To reiterate: we are strongly supportive of calls for greater rigour in conducting, and openness in reporting, pre-clinical findings in vaccinology. However, Cohen fails to recognise the exceptionally thorough reporting of pre-clinical findings on MVA85A and the extensive safety data provided by previous human trials, which justified moving into the phase 2 clinical trial in infants. The MVA85A programme observed the highest scientific and ethical standards, aiming to improve global control of the world’s most lethal infectious disease.

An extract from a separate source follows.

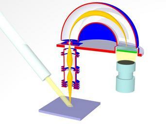 Keywords: Scienta5.jpg Created with Persistence of Vision en revisited work of File PES1 jpg with better light smoother electron path and less shadows Own Saiht 2009-06-15 POVray script <pre> // Schnitt durch ein PhotoelectronSpetroskopie Experiment // by Matthias Kreier version 0 8; global_settings assumed_gamma 1 0 default finish ambient 0 6 diffuse 0 4 include colors inc include textures inc camera ultra_wide_angle angle 25 location <35 30 -65> look_at <3 10 0> //plane <0 1 0> -1 pigment color Red //plane <0 0 -1> -50 pigment color White plane <0 1 -1> -2000 pigment color LightGray // Linsensystem zur Fokussierung und Retardierung declare Linsensystem union difference union box <-2 1 3 0 -2 1> <2 1 3 2 2 1> box <-2 1 3 4 -2 1> <2 1 3 6 2 1> box <-2 1 3 8 -2 1> <2 1 4 0 2 1> box <-2 1 6 8 -2 1> <2 1 7 0 2 1> pigment color Blue cylinder < 0 2 9 0 > <0 7 1 0> 0 81 pigment color Silver cylinder < 0 2 9 0 > <0 7 1 0> 2 pigment color Silver inverse difference union cylinder < 0 4 2 0 > <0 4 4 0> 2 1 cylinder < 0 4 3 0 > <0 6 5 0> 1 4 cylinder < 0 6 4 0 > <0 6 6 0> 2 1 cylinder < 0 7 2 0 > <0 7 4 0> 2 1 cylinder < 0 7 3 0 > <0 9 9 0> 1 4 cylinder < 0 9 8 0 > <0 10 0> 2 1 cylinder < 0 10 2 0 > <0 10 4 0> 2 1 cylinder < 0 10 3 0 > <0 11 2 0> 1 4 cylinder < 0 4 1 0 > <0 11 0> 1 2 pigment color Silver cylinder < 0 10 9 0 > <0 11 3 0> 0 8 pigment color Silver cylinder < 0 4 1 0 > <0 11 3 0> 2 pigment color Silver inverse translate <0 1 0> declare Kugelanalysator union intersection // innere Kugel difference sphere <6 14 0> 4 2 texture Polished_Chrome sphere <6 14 0> 4 pigment color Blue box <1 14 -1> <11 19 5> pigment color Red intersection // äußere Kugel difference sphere <6 14 0> 8 pigment color Blue sphere <6 14 0> 7 8 pigment color Silver box <-3 14 -1> <15 23 9> pigment color Red difference // Herzog-Platte cylinder < 6 12 5 0 > < 6 13 0 > 9 pigment color LightSteelBlue cylinder < 0 12 4 0> <0 13 1 0> 1 1 pigment color Silver cylinder < 12 12 4 0> <12 13 1 0> 2 3 difference cylinder < 12 12 5 0 > < 12 13 8 0 > 2 4 pigment color Blue cylinder < 12 12 4 0> < 12 13 9 0> 2 2 pigment color Silver intersection // Eingangsspalte union box <-2 13 25 -2> <2 13 35 2> pigment color Blue box <-0 6 13 3 -2> <0 6 13 75 2> pigment color Blue box <-0 2 13 2 -2 1> <0 2 14 1 2 1> pigment color Silver inverse intersection // Eingangsblenden union cylinder < 0 13 85 0 > < 0 13 9 0 > 2 pigment color Blue cylinder < 0 13 1 0 > < 0 13 15 0 > 2 pigment color Blue box <-0 15 13 0 -1> <0 15 14 1 1> pigment color Silver inverse declare Optik union object Linsensystem pigment color Blue object Kugelanalysator rotate<0 0 0> declare Scienta union intersection // Linsensystem und Analysator entlang x aufgeschnitten object Optik box <-3 2 0> <15 23 9> pigment color Red intersection //aufgeschnitten union cylinder <12 13 3 0> <12 13 8 0> 2 pigment color CadetBlue // Channelplate cylinder <12 13 0 0> <12 13 2 0> 2 pigment color Green // Phosphorplatte box <9 10 0> <15 15 9> pigment color rgbf <1 1 1 1> difference // CCD Kamera cylinder <12 9 5 0> <12 11 0> 1 8 pigment color CadetBlue cylinder <12 10 0> <12 11 1 0> 1 6 pigment color Black cylinder <12 9 6 0> <12 8 0> 1 4 pigment color CadetBlue cylinder <12 8 1 0> <12 5 5 0> 1 8 pigment color CadetBlue cone <12 11 0> 1 6 <12 12 95 0> 2 texture pigment rgbf<1 1 0 7 0 97> // Weg der Elektronen declare Elektron1 union intersection // Normales Elektron Passenergie intersection torus 6 0 5 rotate<-3 8 0 0> translate <0 0 46 0> torus 6 0 5 rotate< 3 8 0 0> translate <0 -0 46 0> torus 6 0 7 translate <-0 67 0 0> torus 6 0 7 translate < 0 67 0 0> rotate<90 0 0> translate<6 14 0> box <-2 14 -2> <13 23 2> / intersection // Energie kleiner als Epass intersection torus 6 0 5 rotate<-3 8 0 0> translate <0 0 46 0> torus 6 0 5 rotate< 3 8 0 0> translate <0 -0 46 0> torus 6 0 7 translate <-0 67 0 0> torus 6 0 7 translate < 0 67 0 0> rotate<90 0 0> scale 0 9 translate<5 4 14 0> box <-2 14 -2> <13 23 2> intersection // Energie größer als Epass intersection torus 6 0 5 rotate<-3 8 0 0> translate <0 0 46 0> torus 6 0 5 rotate< 3 8 0 0> translate <0 -0 46 0> torus 6 0 7 translate <-0 67 0 0> torus 6 0 7 translate < 0 67 0 0> rotate<90 0 0> scale 1 1 translate<6 6 14 0> box <-2 14 -2> <15 23 2> / cone < 0 0 0 > 0 <0 5 5 0> 0 5 cone < 0 5 5 0 > 0 5 <0 6 0 0> 0 57 cone < 0 6 0 0 > 0 57 <0 6 4 0> 0 57 cone < 0 6 4 0 > 0 57 <0 7 0> 0 45 cone < 0 7 0 > 0 45 <0 8 2 0> 0 03 cone < 0 8 0 > 0 03 <0 9 0> 0 5 cone < 0 9 0 > 0 5 <0 10 0> 0 6 cone < 0 10 0 > 0 6 <0 11 0> 0 5 cone < 0 11 0 > 0 5 <0 13 5> 0 02 cone < 0 13 5 0> 0 02 <0 14 0> 0 05 // cone < 0 11 0 > 0 2 <0 14 1 0> 0 05 // cylinder < 0 5 0 > <0 11 0> 0 2 // cone < 0 0 0 > 0 <0 5 0> 0 2 declare Lichtquelle union cylinder <-18 18 0> <1 -1 0> 0 5 texture pigment rgbf<1 1 0 6 0 7> difference cylinder <-5 5 5 5 0> <-40 40 0> 1 2 cylinder <-5 4 5 4 0> <-20 20 0> 0 5 pigment color LightBlue declare Sample union box <-4 8 -0 5 -4 8> <4 8 0 4 8> pigment color RichBlue cylinder < 0 -1 0 > < 0 -2 0> 1 pigment color Green // alles zusammenbauen object Scienta object Elektron1 pigment color Orange object Lichtquelle object Sample // Lichtquellen light_source <12 18 -200> color White light_source // <0 26 -20> <35 30 -65> color White light_source // Rückseite beleuchten <20 30 10> color White / light_source <-60 28 -200> color White light_source // <0 26 -20> // <30 30 -45> <20 30 -65> color White light_source <20 30 10> color White // Rückseite beleuchten light_source // Kugel innen Licht <9 21 1 5> color White / </pre> Photoemission spectroscopy |
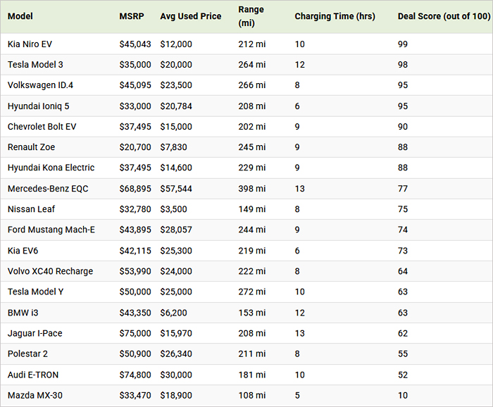 Изданието Visual Capitalist използва данните на eCarsTrade, за да сравни препоръчителните цени на дребно на производителя (MSRP), текущите средни цени на употребяваните превозни средства, пробега, времето за зареждане у дома и общите оценки на сделките за популярни електрически превозни средства. Резултатът показва кои електрически превозни средства предлагат най-добрата комбинация от достъпност, пробег и ефективност на пазара на употребявани превозни средства.

Helen McShane, The Jenner Institute, University of Oxford

Adrian Hill, The Jenner Institute, University of Oxford

Mark Hatherill, South African Tuberculosis Vaccine Initiative, University of Cape Town

Michele Tameris, South African Tuberculosis Vaccine Initiative, University of Cape Town

Jacqui Shea, Aeras

Ann Ginsberg, Aeras

References
1. Cohen D. Oxford vaccine study highlights pick and mix approach to preclinical research. BMJ 2018;360:j5845 doi: 10.1136/bmj.j5845
2. Tameris MD, Hatherill M, Landry BS, Scriba TJ, Snowden MA, Lockhart S, Shea JE, McClain JB, Hussey GD, Hanekom WA, Mahomed H, McShane H; MVA85A 020 Trial Study Team. Safety and efficacy of MVA85A, a new tuberculosis vaccine, in infants previously vaccinated with BCG: a randomised, placebo-controlled phase 2b trial. Lancet. 2013 Mar 23;381(9871):1021-8.
3. Fletcher HA, Snowden MA, Landry B, Rida W, Satti I, Harris SA, Matsumiya M, Tanner R, O’Shea MK, Dheenadhayalan V, Bogardus L, Stockdale L, Marsay L, Chomka A, Harrington-Kandt R, Manjaly Thomas ZR, Naranbhai V, Stylianou E, Darboe F, Penn Nicholson A, Nemes E, Hatherill M, Hussey G, Mahomed H, Tameris M, McClain JB, Evans TG, Hanekom WA, Scriba TJ, McShane H. T-cell activation is an immune correlate of risk in BCG vaccinated infants. Nat Commun. 2016 Apr 12;7:11290.
4. McShane HT, M; Landry, BS; Snowden, MA; Lockhart, S; Scriba TJ; Mahomed, H; Hatherill, M. BMJ 2014;348:g3058.
5. McShane H, Pathan AA, Sander CR, Keating SM, Gilbert SC, Huygen K, Fletcher HA, Hill AV. Recombinant modified vaccinia virus Ankara expressing antigen 85A boosts BCG primed and naturally acquired anti-mycobacterial immunity in humans. Nat Med 2004 Nov;10(11):1240-4.
6. Verreck FA, Vergennes RAW, Kondova I, van Kralingen KW, Remarque EJ, Braskamp G, van der Werff NM, Kersbergen A, Ottenhoff THM, Heidt PJ, Gilbert SC, Gicquel B, Hill AV, Martin C, McShane H, Thomas AW. MVA.85A boosting of BCG and an attenuated, phoP deficient M. tuberculosis vaccine both show protective efficacy against tuberculosis in rhesus macaques. PLoS One. 2009; 4(4):e5264.
7. Kashangura R, Sena ES, Young T, Garner P. Effects of MVA85A vaccine on tuberculosis challenge in animals: systematic review. Int J Epidemiol 2015, Sep 8. pii: dyv142.